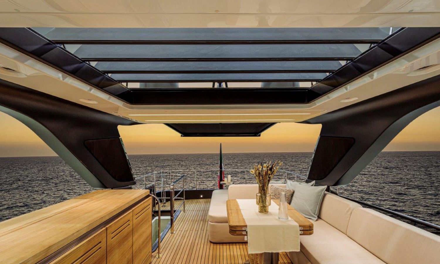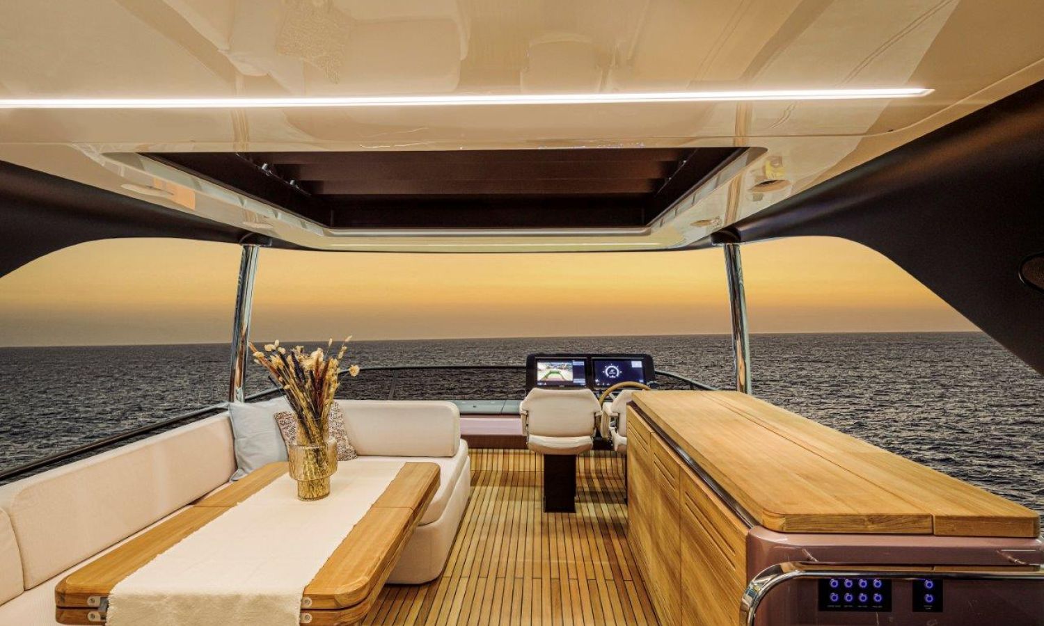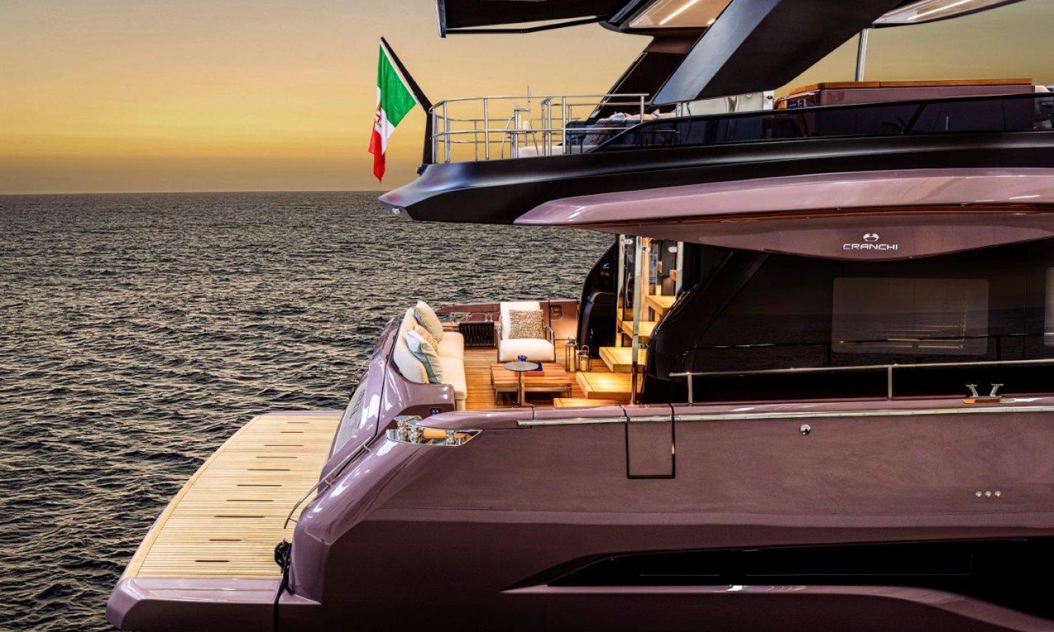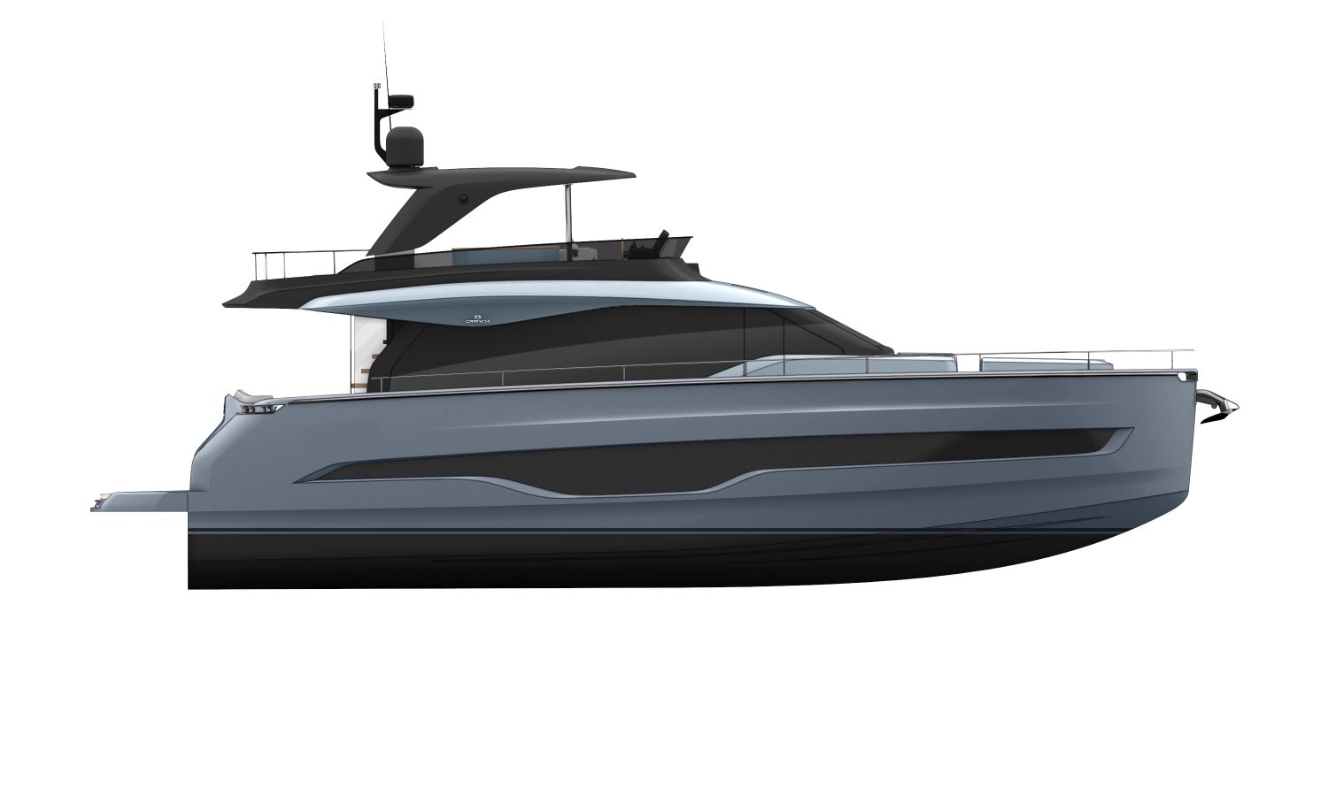 Impossible to look away from right from the very first glance: the design element which first affirms the character of the Sessantadue 62 is its vertical bow. A line which connects the sea and sky, and which accentuates the naval allure of the yacht. The waterline is lengthened, with the vessel benefiting in terms of audacity and muscularity, but without suffering in terms of harmony of forms, which is a distinctive element of Cranchi Yachts’ new flybridge models.
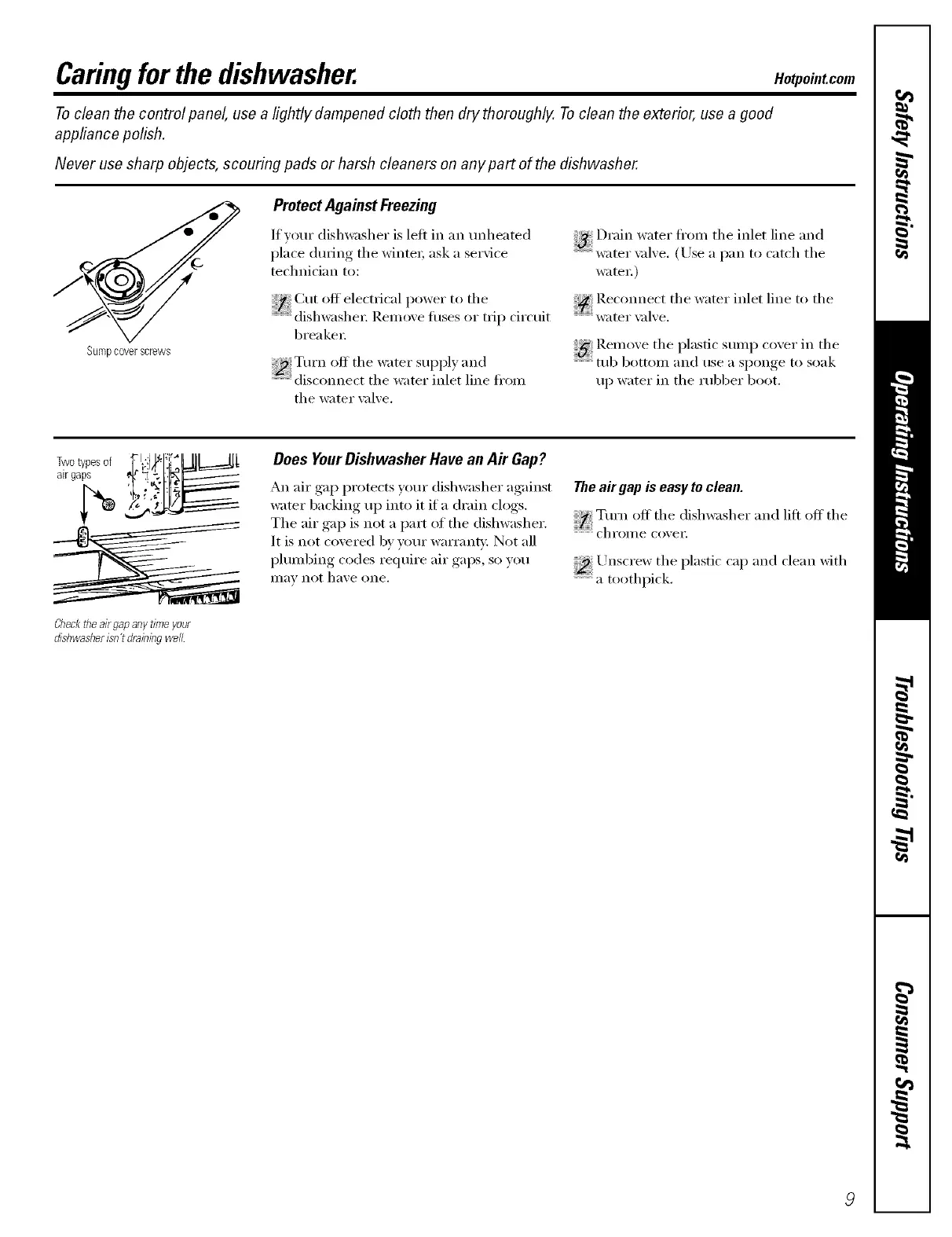 Never use sharp objects, scouring pads or harsh cleaners on any part of the dishwasher.
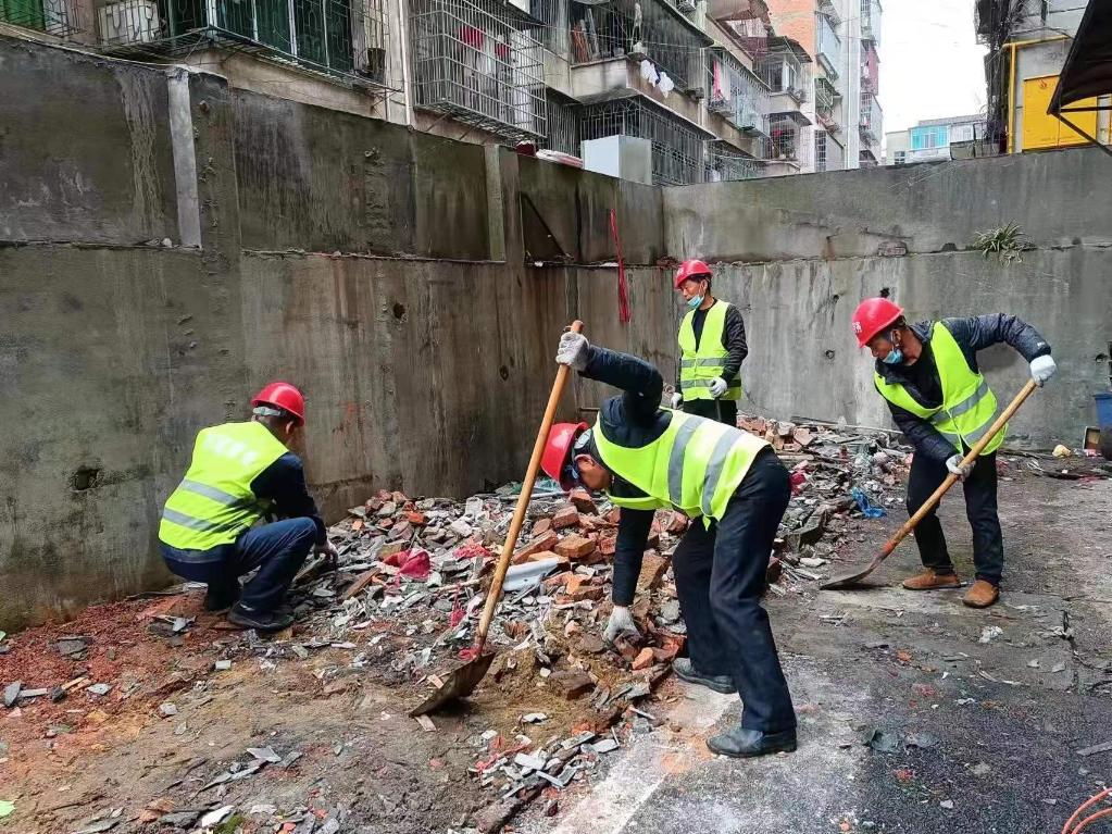 沅江市瓊蓮勞務有限責任公司的勞務工人進行保潔清理工作。
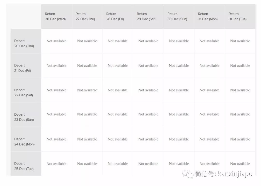 于是,年底回中国航班一票难求,节后回新加坡也一票难求。航空公司订票网站的这种界面大概大家见惯了:
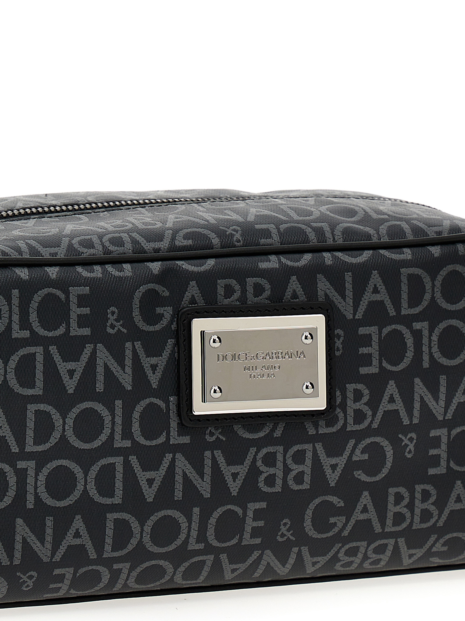 Leather toiletry bag with front logo plaque, zipper closure, and handle detail.
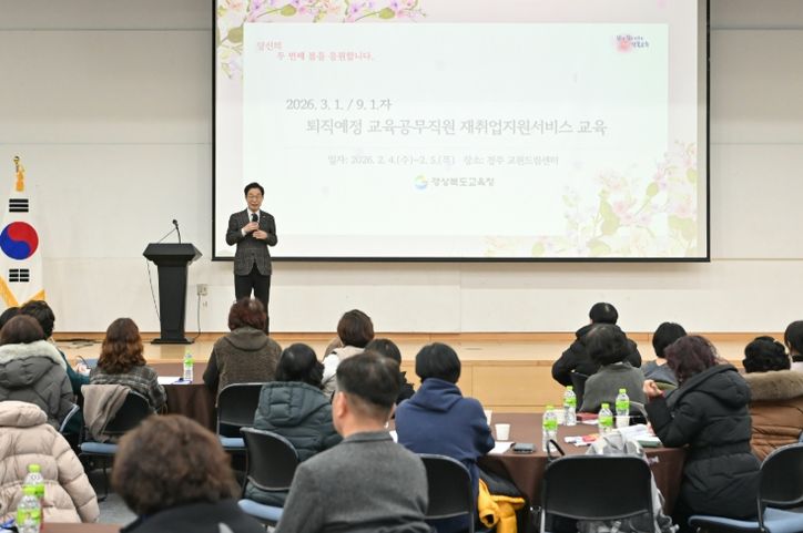 뉴한국방송뉴스통신사 신유철기자 기자 | 경북교육청은 4일부터 5일까지 1박 2일간 경주 교원드림센터에서 2026년 3월 1일과 9월 1일 퇴직 예정인 교육공무직원 213명을 대상으로 재취업지원서비스 진로설계교육을 실시했다고 밝혔다.
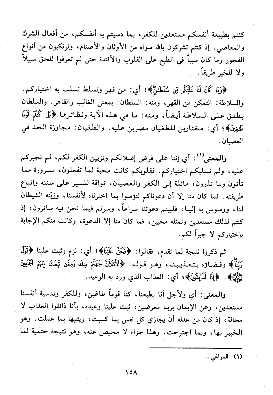 والمعنى (¬1): أي إننا على فرض إضلالكم وتزيين الكفر لكم، لم نجبركم عليه، ولم نسلبكم اختياركم. فقلوبكم كانت محبة لما تفعلون، مسرورة مما تأتون وما تذرون، مائلة إلى الكفر والعصيان، تواقة للسير على سننه واتباع طريقته. فما كان منا إلا أن دعوناكم لتؤمنوا بما اخترناه لأنفسنا، وزيّنه الشيطان لنا، ووسوس به إلينا، فلبيتم دعوتنا سراعا، وسرتم فيما نحن فيه سائرون، إذ كنتم لذلك مستعدين ولمثله محبين، فما كان منا إلا الدعوة، وكانت منكم الإجابة باختياركم لا جبرًا لكم.
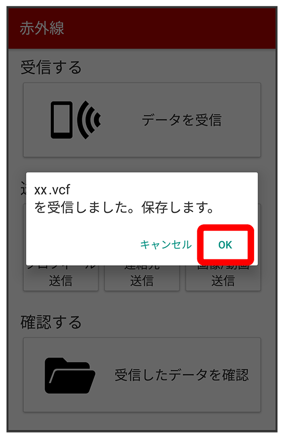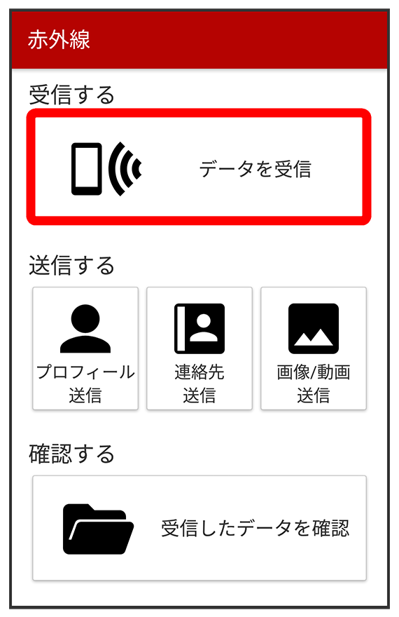 相手側でデータ送信の操作を実行本機と送信側の機器の赤外線ポートを合わせる
::::::
Task objective »
Begin at the first line of the entries above and return each line exactly, stopping after the line that contains "뉴한국방송뉴스통신사 신유철기자 기자". Pictures do not belong in the copy.

Response to the task »
 Impossible to look away from right from the very first glance: the design element which first affirms the character of the Sessantadue 62 is its vertical bow. A line which connects the sea and sky, and which accentuates the naval allure of the yacht. The waterline is lengthened, with the vessel benefiting in terms of audacity and muscularity, but without suffering in terms of harmony of forms, which is a distinctive element of Cranchi Yachts’ new flybridge models.
 Never use sharp objects, scouring pads or harsh cleaners on any part of the dishwasher.
 沅江市瓊蓮勞務有限責任公司的勞務工人進行保潔清理工作。
 于是,年底回中国航班一票难求,节后回新加坡也一票难求。航空公司订票网站的这种界面大概大家见惯了:
 Leather toiletry bag with front logo plaque, zipper closure, and handle detail.
 뉴한국방송뉴스통신사 신유철기자 기자 | 경북교육청은 4일부터 5일까지 1박 2일간 경주 교원드림센터에서 2026년 3월 1일과 9월 1일 퇴직 예정인 교육공무직원 213명을 대상으로 재취업지원서비스 진로설계교육을 실시했다고 밝혔다.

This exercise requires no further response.